The subgenre was crystallized with the success of Florida Georgia Line’s “Cruise,” which spent more than 20 record-shattering weeks at No. 1 on Billboard’s Hot Country chart. The song was first released in 2012, then benefiting from a second life last year with a Nelly-assisted remix, and that cross-pollination bore a lot of fruit: it made superstars of its singers and, as superstars, the band and their music were suddenly important enough to attack.

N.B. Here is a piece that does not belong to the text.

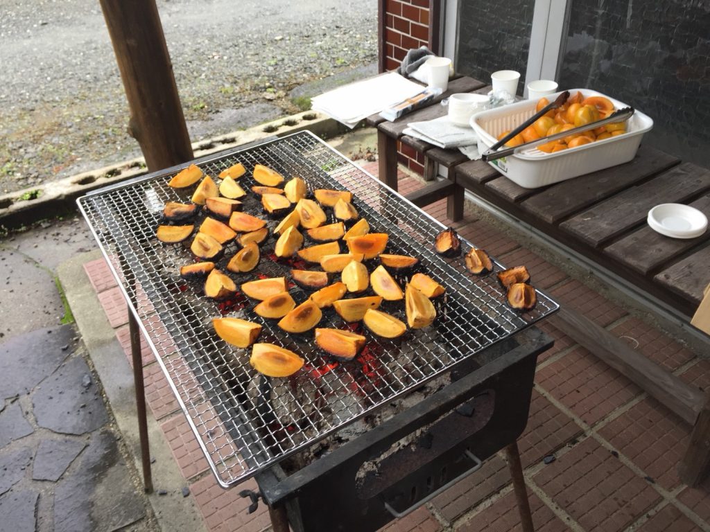 もぎたての柿を炭火でじっくり。甘さが凝縮されていきます

“Civil war” — that’s how musicians, critics, and journalists described an industry seemingly divided between “old farts” and frat boys. “I don’t care how many of these old farts are around Nashville going, ‘My God, that ain’t country!’” Blake Shelton said in January 2013. “Well that’s because you don’t buy records anymore, jackass. The kids do, and they don’t want to buy the music you were buying.” More think pieces followed. New York‘s Jody Rosen said, “We may look back on ‘Cruise’ as a turning point, the moment when the balance of power tipped from an older generation of male country stars to the bros.” Zac Brown said Luke Bryan’s “That’s My Kind of Night” was the “worst song I’ve ever heard.” To that, Jason Aldean replied, “nobody gives a shit what u think.” The Atlantic declared in July: “The Bro-Country Backlash Is Here.”
Still, that may be overselling it. Six of the 10 singles topping Billboard’s Hot Country chart right now are classifiably bro country: Jason Aldean, Florida Georgia Line, Blake Shelton, Luke Bryan, Chase Rice (a Survivor runner-up, really!), and Jason Aldean again. What’s telling is who else tops that list: Carrie Underwood, Miranda Lambert — Underwood actually shows up twice, including on Lambert’s “Somethin’ Bad” — and Kenny Chesney.

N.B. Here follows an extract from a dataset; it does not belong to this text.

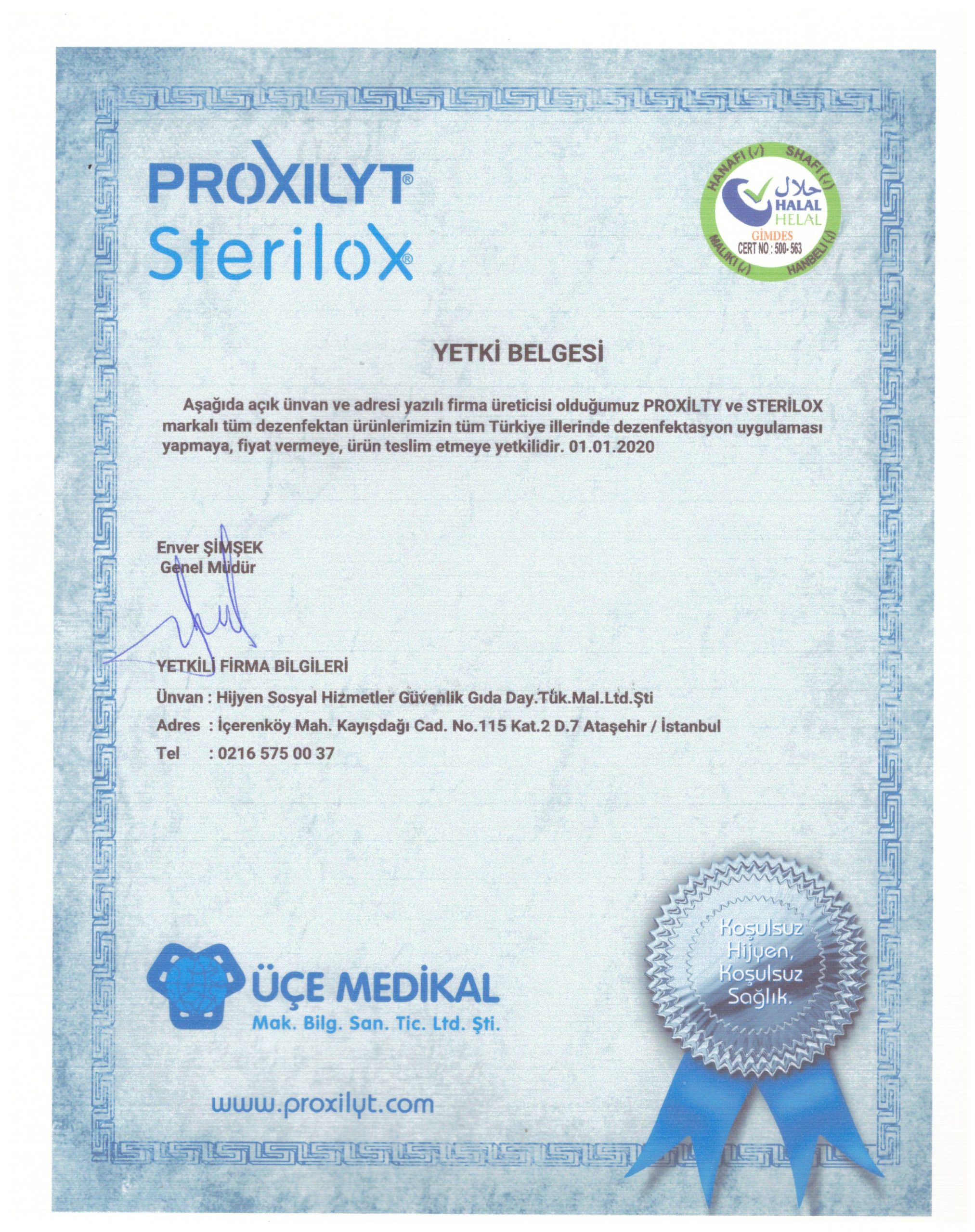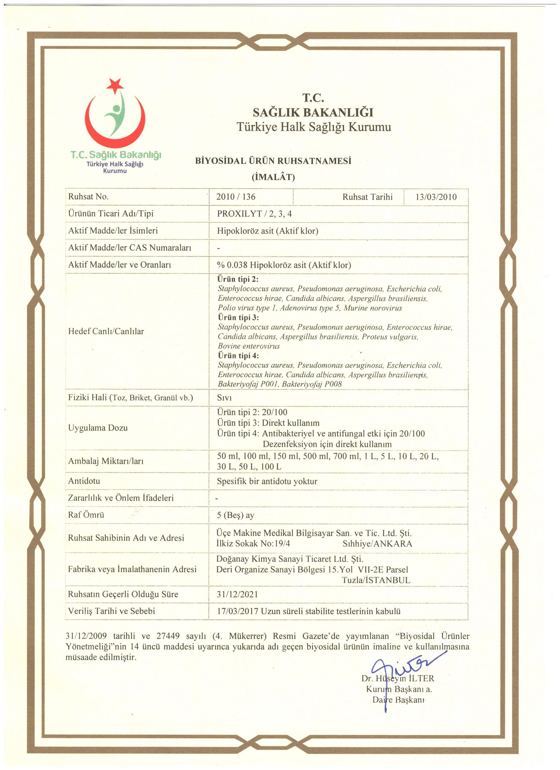 T.C. Sağlık Bakanlığı’ndan Proxilyt Yer ve Yüzey Dezenfektanı olarak Biyosidal Ürün Ruhsatı alınmıştır.

The bro country debate doesn’t just split purists and pragmatists; it also divides men and women, making impromptu culture warriors out of debut phenoms like Kacey Musgraves, whose 2013 hit “Merry Go Round” became “a rallying point for country fans unhappy with the current direction of country music,” as EW’s Grady Smith said.
Chesney is the other kind of country superstar, a proto-bro behind breezy megahits such as “No Shoes, No Shirt, No Problems” and “When the Sun Goes Down.” But his newest release, September’s The Big Revival, is after something else — what Billboard’s Melinda Newman called “country salvation.” In a recent interview, Chesney said one of the album’s tracks, “Wild Child,” is a reflection of the kind of woman that doesn’t get much attention in these days: “If you didn’t wear cut-off jeans or a bikini top, or sit on a tailgate and drink, then you really weren’t worthy … ‘Wild Child’ is telling some girl out there that’s got dreams, that’s a free spirit, who’s smart and interesting, that she has a chance, that she is worthy.”
That is to say: the alternatives are thriving, even if they don’t dominate. Dig deeper into Billboard’s Hot Country chart and you’ll find not just Underwood and Lambert (on the heels of her excellent fifth album, Platinum), but duo Maddie & Tae’s meta-debut “Girl in a Country Song” at No. 12 and Dierks Bentley’s “Drunk on a Plane” at No. 19, which is like bro country if it allowed itself even a trace of irony.
To that, it’s also worth considering Jennifer Nettles’ album That Girl and Eric Church’s The Outsiders, which might make this whole conversation moot. As Church himself said last fall: “I think genres are dead. There’s good music. There’s bad music.” Where bro country falls is up to the listener to decide.